I forgot to add that this is kernel :  FreeBSD 12.2-RELEASE r366954 GENERIC


----------



## SirDice (Jan 6, 2021)

Looks like disk issues. LLVM is a pretty hard build, it's going to push things to the limit. You may want to check your da0 for errors with smartclt(1).

As this looks like a VMWare virtual machine (assuming it's configured with an emulated LSI controller) you could have problems with VMWare itself. If the emulated controller timed out passing the disk access to the host.

[_Mod: moved this to Emulation and Virtualization because it appears to be a VMWare issue_]


----------



## diizzy (Jan 6, 2021)

fwiw, FreeBSD runs perfectly fine using Hyper-V


----------



## SirDice (Jan 6, 2021)

nedry how is the VM configured? How many cores, memory, etc. And how much does the host have (cores, memory, etc)?


----------



## Sevendogsbsd (Jan 6, 2021)

diizzy said:


> fwiw, FreeBSD runs perfectly fine using Hyper-V


Runs perfectly fine on VMWare also, plus I have the added advantage of not having to use Windows


----------



## SirDice (Jan 6, 2021)

Assigning too many vCPUs to a VM typically kills performance as the guest needs to wait for all those cores to become available on the host. This can lead to stalls in the VM. Not sure based on the current information but that looks like it could be a reason for the "spin lock held too long" panic.

Article refers to ESXi but this "too many vCPUs" issue crops up with any kind of virtualization. It's a common problem with new virtualization users, their first instinct is to add as many cores as possible.
https://4sysops.com/archives/vmware-performance-the-worst-configuration-mistakes/#oversized-vms


----------



## diizzy (Jan 6, 2021)

Sevendogsbsd said:


> Runs perfectly fine on VMWare also, plus I have the added advantage of not having to use Windows


..and how is that relevant when the user appears to run Windows?


----------



## Sevendogsbsd (Jan 6, 2021)

The host is irrelevant, I just don’t like Windows.

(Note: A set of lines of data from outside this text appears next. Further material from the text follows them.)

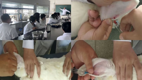 课上,吴教授系统讲解了药动学参数求算的核心原理与方法,现场演示家兔耳缘静脉取血的关键操作及注意事项,并详细拆解单室模型一级动力学消除方程的拟合过程,指导学生计算斜率、截距等关键数据。最终,在老师的精准指导下,学生顺利完成实验操作与数据处理,成功求得消除速率常数(K值)、半衰期、清除率、曲线下面积等核心药动学参数,取得了良好的实验效果。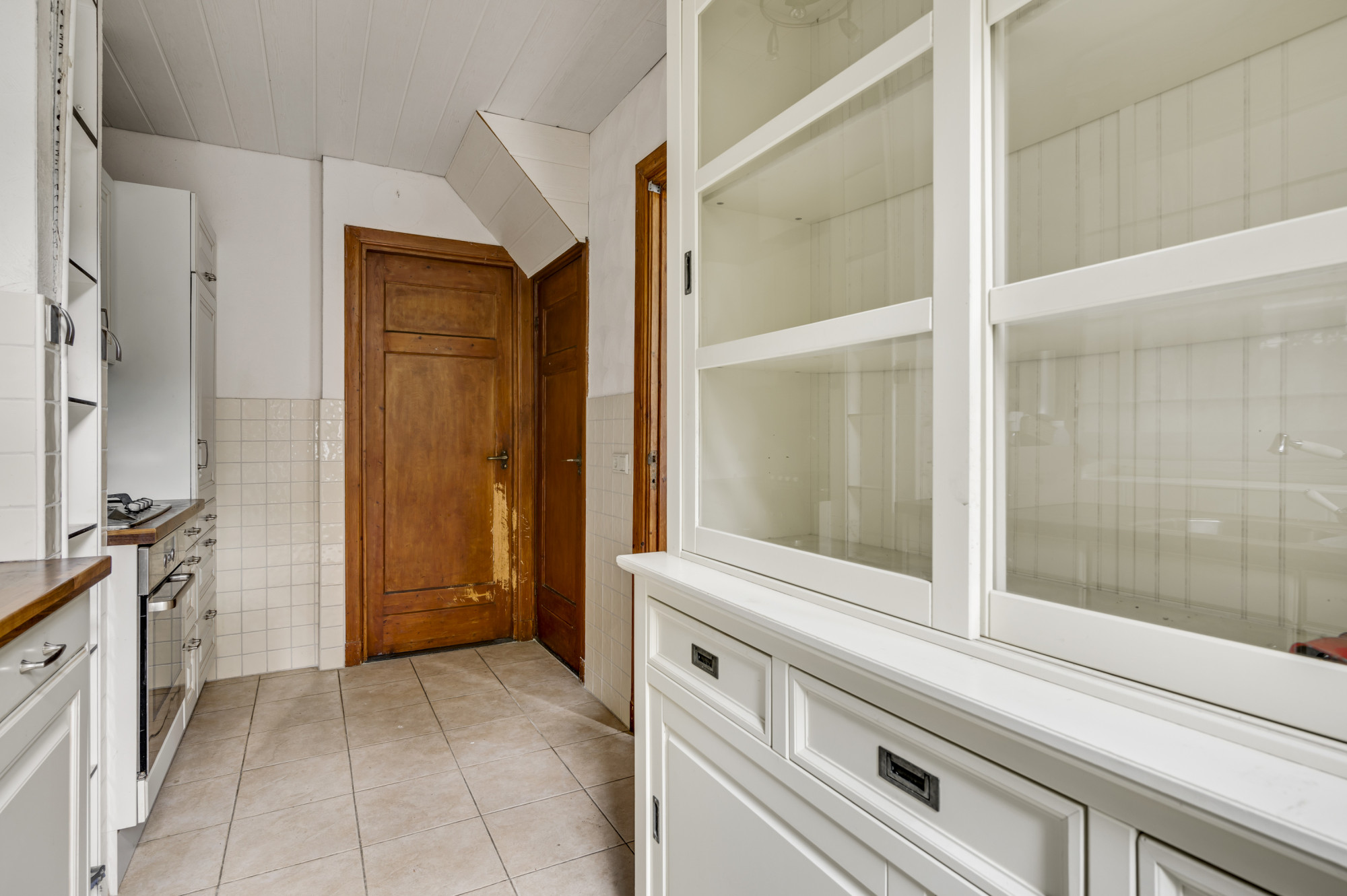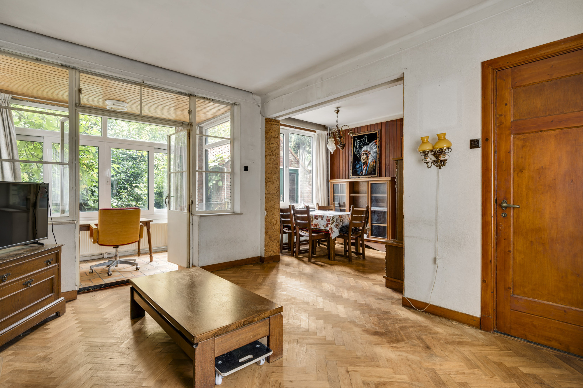 Bij binnenkomst wordt u verwelkomd in de ruime entree/hal met een fraaie trappartij. Vanuit de hal bereikt u de royale woonkamer met aangrenzende serre, die baadt in natuurlijk licht. De gesloten keuken straalt nostalgische charme uit en is uitgerust met diverse inbouwapparatuur, waaronder een gaskookplaat, afzuigkap, koel-vriescombinatie, oven, close in boiler en een vaatwasser. Vanuit de keuken is de praktische provisiekelder bereikbaar, evenals de hal met toiletruimte en meterkast. Via een loopdeur in de keuken is de achtertuin toegankelijk.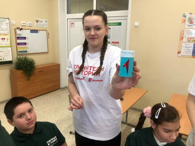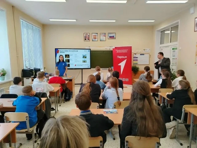🇷🇺Наталья Галимжановна, председатель совета местного отделения Движения Первых провела исторический экскурс и рассказала о развитии российской армии, современных вооруженных силах РФ и внутренней безопасности государства, также подчеркнула значимость наград и званий Героев Российской Федерации.
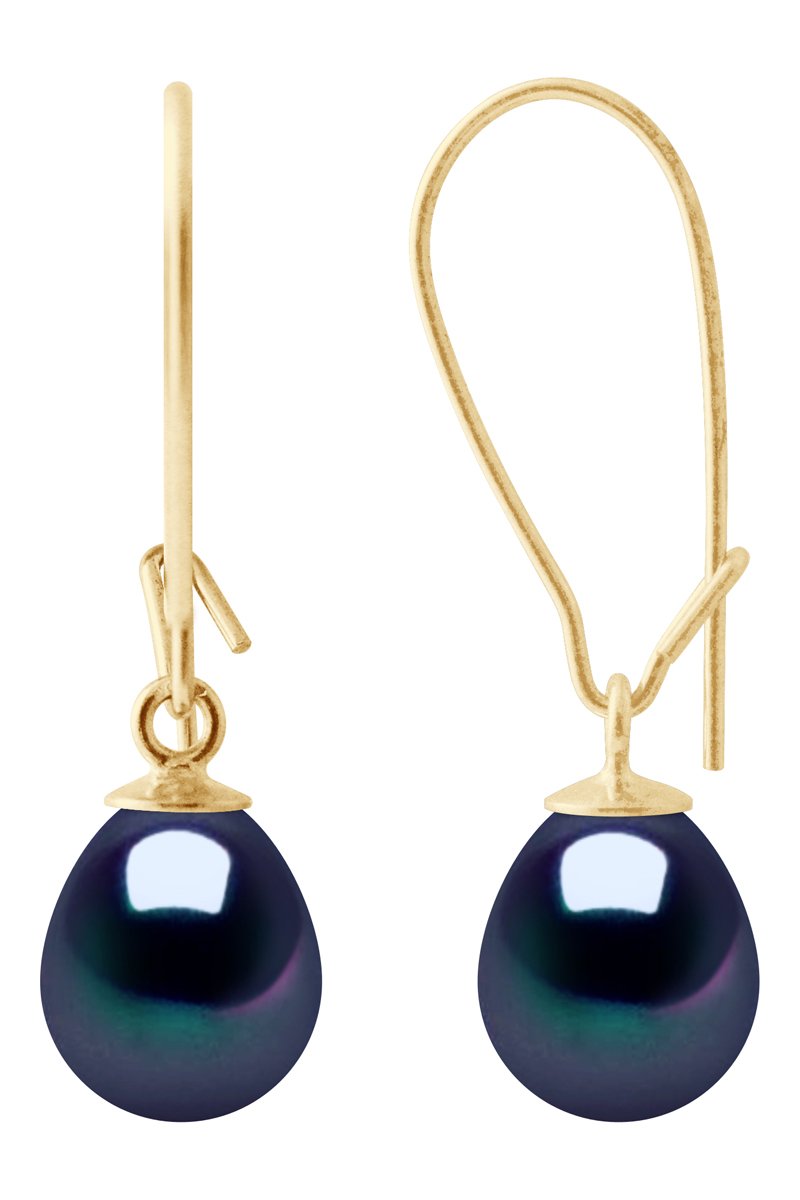 Orecchini pendenti in oro giallo con una perla coltivata d’acqua dolce.

I was merely stating that FreeBSD runs fine in VMware.


----------



## _martin (Jan 6, 2021)

nedry Do you have crash dump ? Would it be possible to share ? 
IMO that SCSI command failure (35H) is just victim of the previous issues.


----------



## nedry (Jan 6, 2021)

I may have it still on the system, however if you look at the screen dump I posted, its huge its 11962mb


----------



## _martin (Jan 6, 2021)

It would be in /var/crash. It depends, not all pages are (necessarily) saved in the dump.


----------